Superhot prototype (browser)
Superhot is a first-person game where time only moves when you do, meaning if you fire a gun, the bullet won't start traveling 'til you get bustling. The same rule applies for enemies and incoming objects. It's a nutty concept that made for a neat, if overpriced, Steam game, but you don't have to worry about price if you're content with just trying out Superhot's prototype, which the devs made playable for browsers. It's easily the most graphically and computationally taxing browser game on this list, but if you can run it, it'll let you sample the Superhot action for free. It's definitely a fun way to pass 15 minutes, if you have the time to spare (just don't move, and you will!).
Credit: Superhot

Monolith (browser)
For fans of Star Fox, this on-rails lock-on shooter is as good as browser games get. It's a stylish, monochrome take on the genre that tasks you with locking onto enemies and shooting them down. Watch out, though, as they'll all be firing back at you, meaning you'll need to employ some swift strategic maneuvers (no barrel rolls in the game, unfortunately) to outfox the enemy.

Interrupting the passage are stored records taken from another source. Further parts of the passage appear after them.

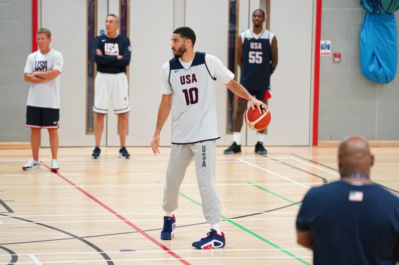 7月19日讯今日,美国男篮官网晒出了一组全队训练照片。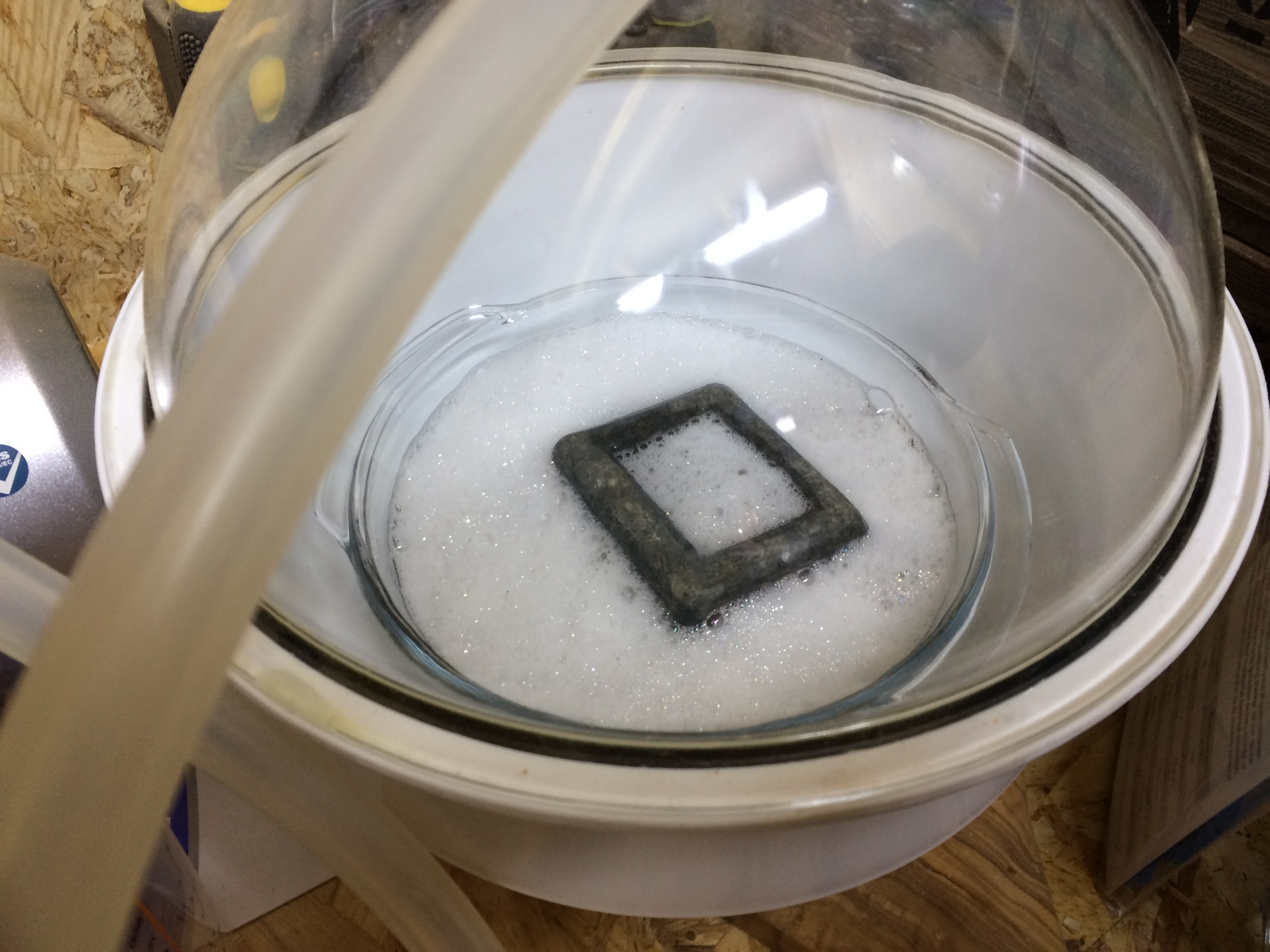 Het hout gaat in een vacuümruimte. Door het vacuüm wordt de lucht uit het hout gezogen. Op het moment dat het vacuüm eraf gaat, zuigt het hout zich weer vol met de kunsthars.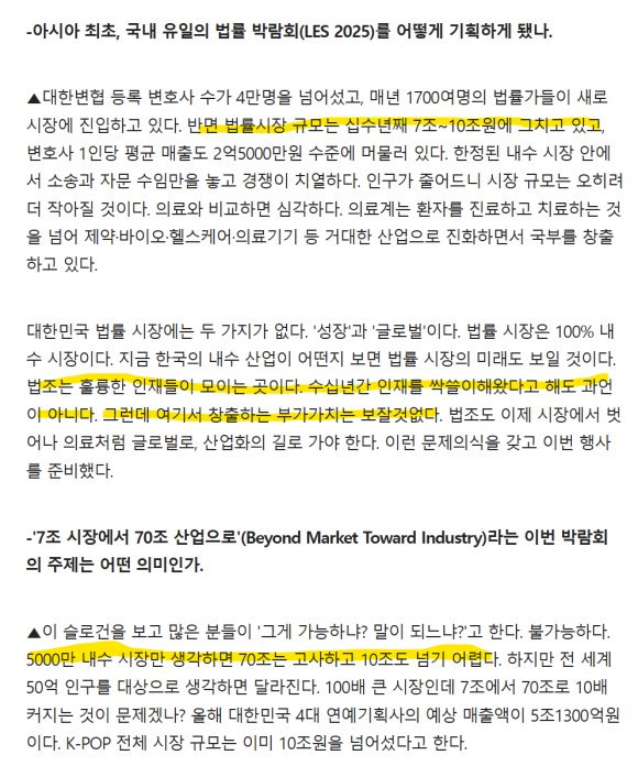 우선, 한국 법률시장이 내수 7조 → 글로벌 70조 산업으로 발전해야 한다는 의견을 부정하는건 아닙니다.

It's a fun fighter-pilot game that requires quick reflexes, though it is a bit one-note and can get boring pretty fast. Still, if you have a hot 2 minutes to kill in between computing activities, this is as good a way to pass the time as any.
Credit: Sam Loeschen

Vector (mobile)
Vector is what Mirror's Edge might look like if it was 2D and free of any unnecessary combat mechanics. Though the game is slow and won't satisfy those with a need for speed, it's got a great sense of flow and excitement to it, as you effortlessly run across rooftops while police with electric batons doggedly chase you. The levels are well-designed and play nicely with the game's core physics, resulting in a fun game loaded with bite-size missions that are perfect for quick commutes.
Credit: Nekki

Geometry Dash Lite (mobile)
This is a free mobile game that'll leave you angry, excited, energized, twitching, screaming and a nervous wreck — basically, anything but bored. You play as a shape that must bounce across a dangerous 2D landscape in accordance with some dank EDM beats. Make one misstep and you'll have to start over from the beginning of the song, until you know each tune and its corresponding level better than their respective composers and designers. Five years after having first picked up Geometry Dash, I still find myself waking up in cold sweats, quietly humming the first few notes of the "Jumper" level's song before sobbing myself back to sleep.
Credit: RobTop Games

Bonus: The Perfect Game to Play When Bored (In Math Class)
Picture it: it's 1:55 p.m., and the clock stops moving. The bell won't ring. Math class literally won't end. The teacher says put away your PS Vita. Then they tell you to pocket that phone of yours. Besides your handy-dandy Etch-A-Sketch, this leaves you with only one other device to game on — your graphing calculator. But how does one play Super Mario and Parappa the Rapper (Google it) on a graphing calculator?The answer is MirageOS. Find some instructions online on how to install the OS on your TI-83 or 84 calculator, then bask in the glory of being able to play Super Mario while your pals suffer through trigonometry class like the non-technophilic troglodytes they are.